Although the data below contains pictures, output only the lines between those holding "Mating games of" and "We Paint our", inclusive, exactly and without those pictures.
··· Available records
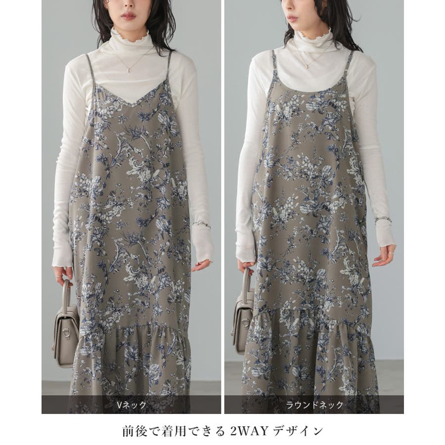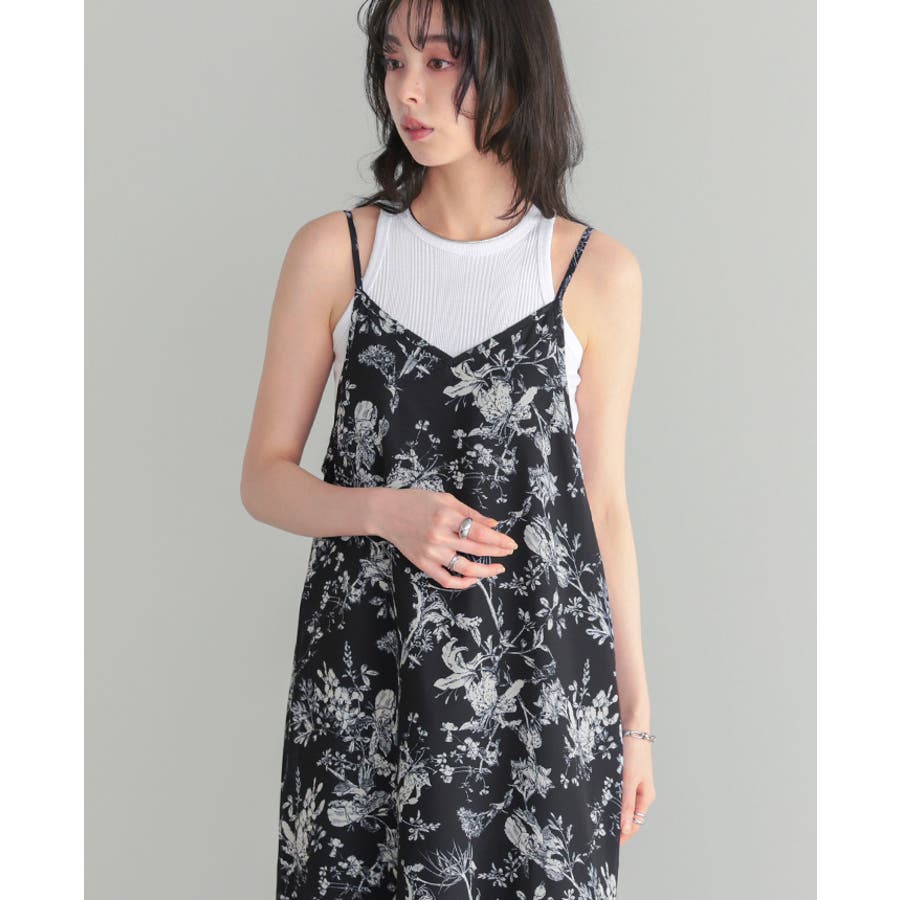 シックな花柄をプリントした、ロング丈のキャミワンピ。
······
··· Available records
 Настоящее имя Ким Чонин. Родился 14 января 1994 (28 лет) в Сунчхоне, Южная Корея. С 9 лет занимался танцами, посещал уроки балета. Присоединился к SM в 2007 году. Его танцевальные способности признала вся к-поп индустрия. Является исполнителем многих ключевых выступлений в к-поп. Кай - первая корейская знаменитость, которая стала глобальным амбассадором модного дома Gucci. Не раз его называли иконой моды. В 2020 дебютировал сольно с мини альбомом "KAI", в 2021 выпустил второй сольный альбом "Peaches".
······
··· Available records
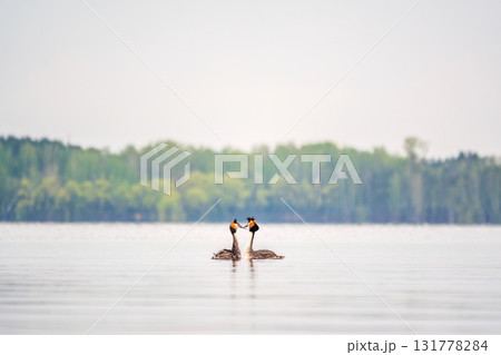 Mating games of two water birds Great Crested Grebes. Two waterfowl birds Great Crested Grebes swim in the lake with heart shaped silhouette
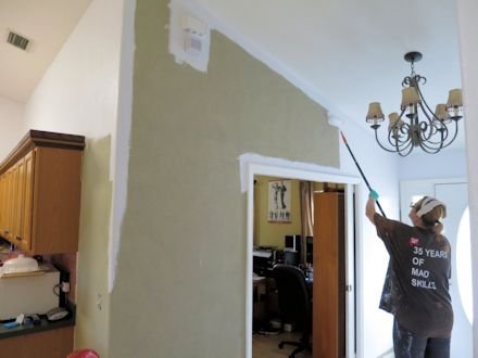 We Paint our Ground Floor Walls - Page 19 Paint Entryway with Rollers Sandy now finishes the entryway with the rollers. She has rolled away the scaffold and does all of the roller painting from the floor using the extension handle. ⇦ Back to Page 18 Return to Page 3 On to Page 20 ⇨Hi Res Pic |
······
- _Response area_
 Mating games of two water birds Great Crested Grebes. Two waterfowl birds Great Crested Grebes swim in the lake with heart shaped silhouette
 We Paint our Ground Floor Walls - Page 19 Paint Entryway with Rollers Sandy now finishes the entryway with the rollers. She has rolled away the scaffold and does all of the roller painting from the floor using the extension handle. ⇦ Back to Page 18 Return to Page 3 On to Page 20 ⇨Hi Res Pic |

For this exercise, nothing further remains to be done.